# Calgary police patrol rifle stolen from an off-duty officer’s private vehicle



## Blackadder1916 (6 Apr 2015)

This has been an interesting story out this way for the last couple of days.

http://calgaryherald.com/news/crime/police-patrol-rifle-stolen-in-northwest-calgary-car-prowling


> *Police superintendent 'sick to my stomach' over stolen assault rifle
> *
> Clara Ho, Calgary Herald
> Published on: April 6, 2015
> ...


----------



## Kat Stevens (6 Apr 2015)

IF THE INVESTIGATION WARRANTS IT I hope a very large, very heavy book gets thrown at this doofus.


----------



## jollyjacktar (6 Apr 2015)

Here too, last week.   :facepalm:

http://www.cbc.ca/news/canada/nova-scotia/rcmp-service-pistol-stolen-from-vehicle-in-downtown-halifax-1.3016335


----------



## MilEME09 (6 Apr 2015)

I love how in the calgary story the officer in question apparently said he wanted to take it home to clean, yet he signed out two full magazines......cleaning, right......


----------



## Fishbone Jones (6 Apr 2015)

Before it turns into the usual chest thumping stuff, let's watch the disparaging remarks.

LEOs are people too. Before we get down on the professional thing, lots of service weapons have disappeared also.

Lots of civilian weapons disappear regularly and not everyone goes to jail because of it.

Everyone, including LEOs and Military should be held to at least the same standard, with no favoritism.

That standard also extends, at least in Canada, that you are presumed innocent until the judge's gavel falls.

Let's all remember that before we start speculating and going off half cocked.

---Staff---


----------



## Dissident (6 Apr 2015)

Why do we insist on hammering on the victim? 

I hope that due care was taken when he left his vehicle unattended, but right now we don't have any indication of where the case was stored, what kind of vehicle it was or any other pertinent details. Someone from CPS told me it looks bad on the member, so maybe there are cause for concern, but its all conjectures at this point.

And so what if he took the rifle home with 2 loaded mags? That is likely how the rifle is issued.

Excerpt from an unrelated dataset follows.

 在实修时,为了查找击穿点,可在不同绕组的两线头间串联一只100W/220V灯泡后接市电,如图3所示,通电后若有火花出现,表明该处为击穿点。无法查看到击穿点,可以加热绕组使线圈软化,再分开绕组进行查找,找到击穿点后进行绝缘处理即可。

Even so, I would commend him if he was planing on going to practice on his own, not hammer him for the initiative.


----------



## Tibbson (6 Apr 2015)

NinerSix said:
			
		

> Why do we insist on hammering on the victim?
> 
> I hope that due care was taken when he left his vehicle unattended, but right now we don't have any indication of where the case was stored, what kind of vehicle it was or any other pertinent details. Someone from CPS told me it looks bad on the member, so maybe there are cause for concern, but its all conjectures at this point.
> 
> And so what if he took the rifle home with 2 loaded mags? That is likely how the rifle is issued. Even so, I would commend him if he was planing on going to practice on his own, not hammer him for the initiative.



The bigger issue is that by taking the initiative he was in violation of a number of departmental regs and potentially laws.  The jails are full of people who claim to have had good intentions and initiative.


----------



## MilEME09 (6 Apr 2015)

Schindler's Lift said:
			
		

> The bigger issue is that by taking the initiative he was in violation of a number of departmental regs and potentially laws.  The jails are full of people who claim to have had good intentions and initiative.

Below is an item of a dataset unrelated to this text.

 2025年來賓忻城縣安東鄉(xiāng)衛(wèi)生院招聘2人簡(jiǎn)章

We don't know that for sure, CPS does allow members to take weapons home. The devil is in the details here, one thing that's come up is if the case the C8 was in was properly tethered to the vehicle. If it was still tethered but not properly then its not a regulation violation. If they weren't used at all then it is, that said the firearms community in calgary is very proactive and if someone tries to sell this to a legal firearms dealer or owner it would be found rather quickly.


----------



## RedcapCrusader (6 Apr 2015)

NinerSix said:
			
		

> Why do we insist on hammering on the victim?
> 
> I hope that due care was taken when he left his vehicle unattended, but right now we don't have any indication of where the case was stored, what kind of vehicle it was or any other pertinent details. Someone from CPS told me it looks bad on the member, so maybe there are cause for concern, but its all conjectures at this point.
> 
> And so what if he took the rifle home with 2 loaded mags? That is likely how the rifle is issued. Even so, I would commend him if he was planing on going to practice on his own, not hammer him for the initiative.

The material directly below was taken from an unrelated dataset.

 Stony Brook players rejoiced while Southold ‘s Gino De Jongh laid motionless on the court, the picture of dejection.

Departmental policy is that the rifle is not to be taken home, or transported while off duty and in a personal vehicle for any reason. When transported in a vehicle, it is to be secured to the vehicle via the cable locks in the trunk. Otherwise it is supposed to be secured to the mount in the cab of the service vehicle for quick deployment. Not simply locked in a case sitting in the back seat of a personal vehicle no less.

Members are not to remove service rifles from any department office or building for purposes other than duty or training (approved training conducted as a group under proper supervision at an approved site, personal training can take place at their indoor range). 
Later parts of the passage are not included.